The version presented by the Krasnodar Investigative Committee on 24 September stretches credibility to breaking point.  It is claimed that on 6 September, “in monitoring the Internet, the police found that the lawyer had called on people to take part in an unauthorized demonstration, and that they had written a report and initiated administrative proceedings over this.  Then on 9 September, two criminal investigation officers had “noticed” him on Lenin St, provided an explanation and shown their ID, before asking him to go with him to the police. 

“The man got into their car where, along the way, he used violence against the police officers, seizing and biting the arm of one of them, and inflicting no less than three blows with the elbow to the face of the other”.

He faces charges over this story under Article 318 § 1 of Russia’s Criminal Code, with this carrying a sentence of from two to five years’ imprisonment.

The second charge is over alleged behaviour back on 6 May 2018 at the Pyervomaisk District Court where Benyash’s client was facing administrative charges.  Benyash supposedly “repeatedly interrupted, gave instructions, expressed demands and objections against the rulings of the judge” and was eventually ordered to leave.  This he refused to do, and was removed by force.  He is then accused of having tried to ‘obstruct justice’ by returning to the courtroom.

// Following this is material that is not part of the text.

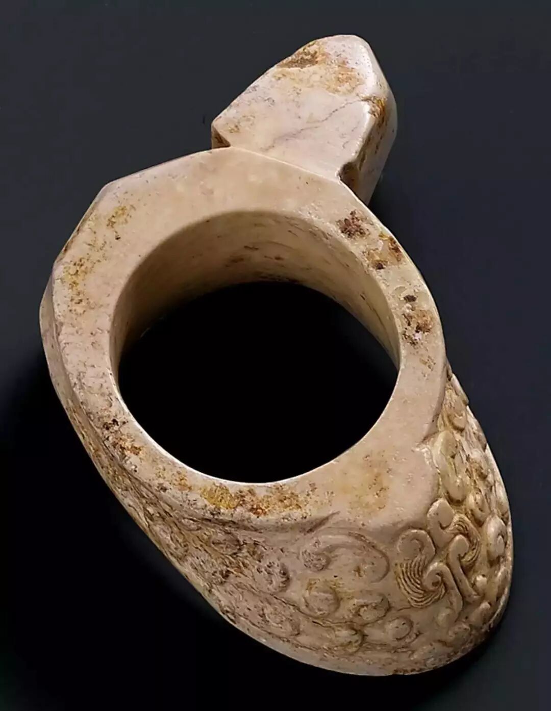 春秋战国时期,韘极为流行。然春秋战国时期玉韘有一明显特徵,即因形制短矮无法容纳勾弓弦的横向凹槽,另外表面雕有纹饰。此反映出玉韘已不能用钩弦和套在拇指上,仅仅是作为佩戴于身上之装饰品。![]()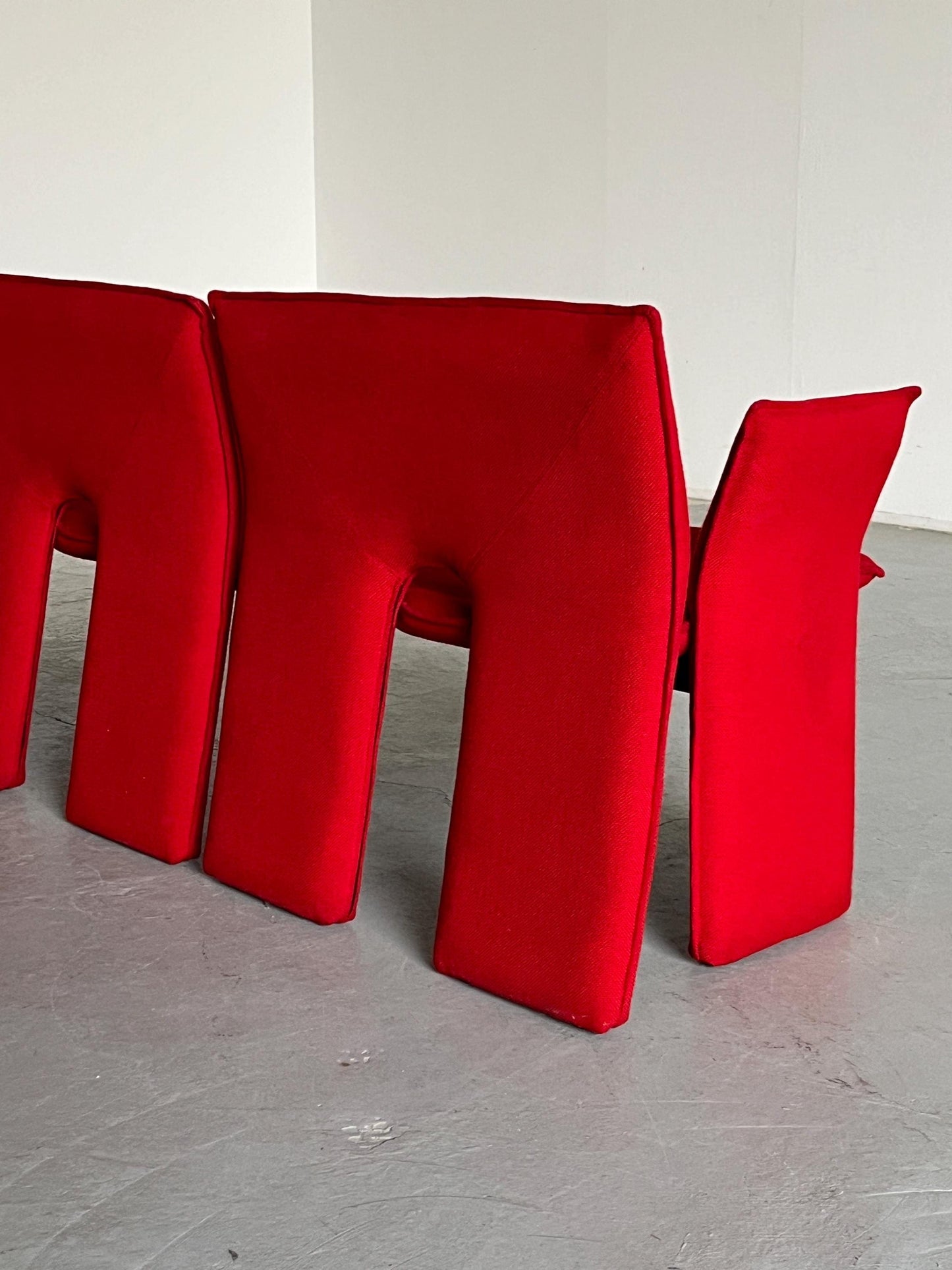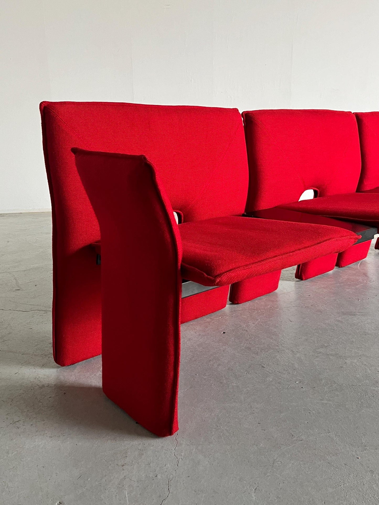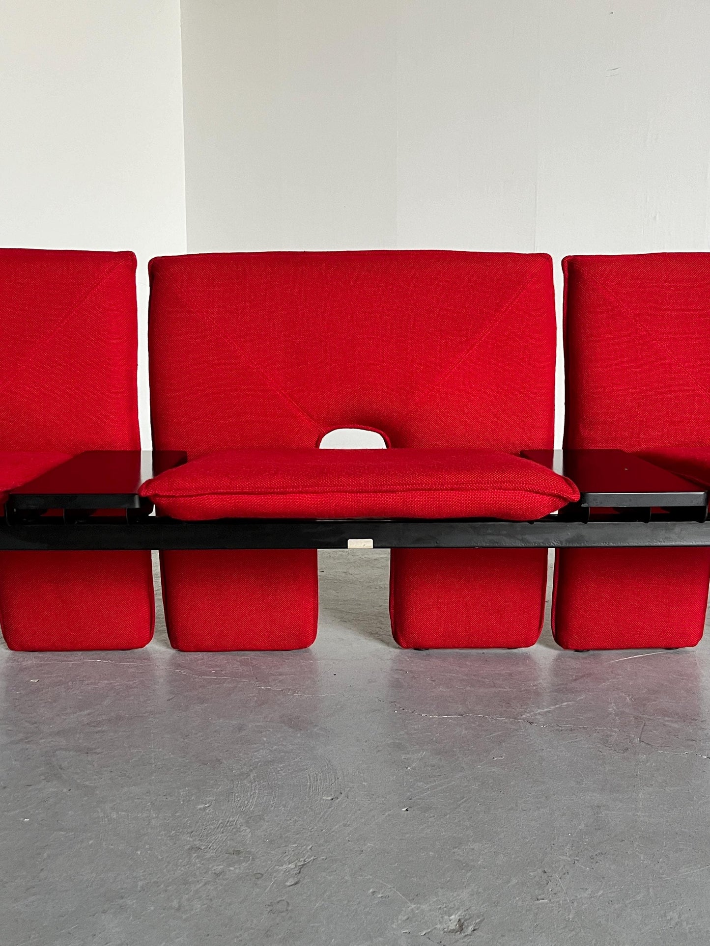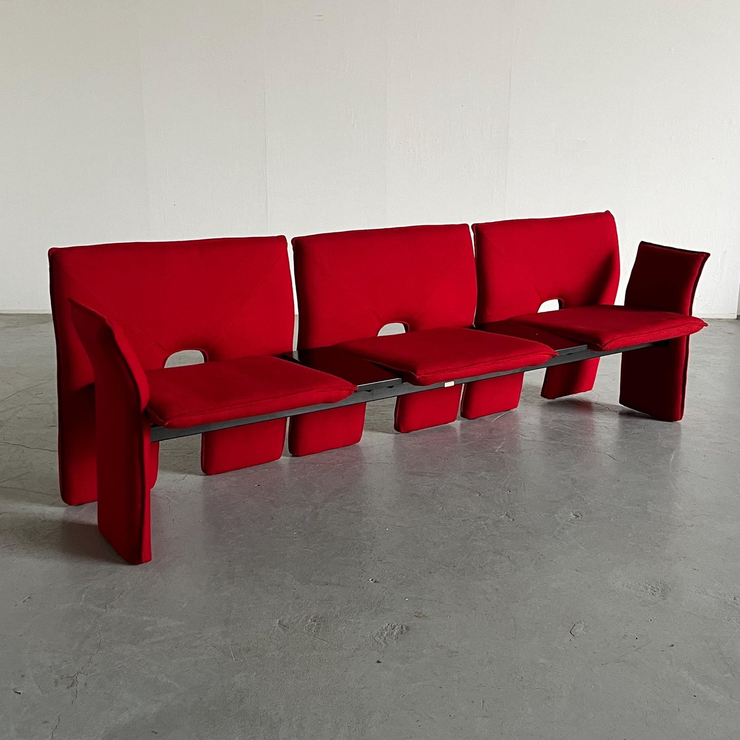 Vintage Dreisitzer-Sofa rotes Wollbezug schwarzes Metall Memphis-Stil 1980er Italien

His defence of his client’s interests has thus been qualified as ‘obstruction of justice’ and turned into criminal charges under Article 294  § 1 of the Criminal Code, with this punishable by up to two years’ imprisonment.  

Benyash is due to appear in court on Tuesday for a preventive measure to be imposed. 

This is a new and very disturbing development, one that is doubtless aimed at sending a clear message to other lawyers of what they can expect for carrying out their professional duty.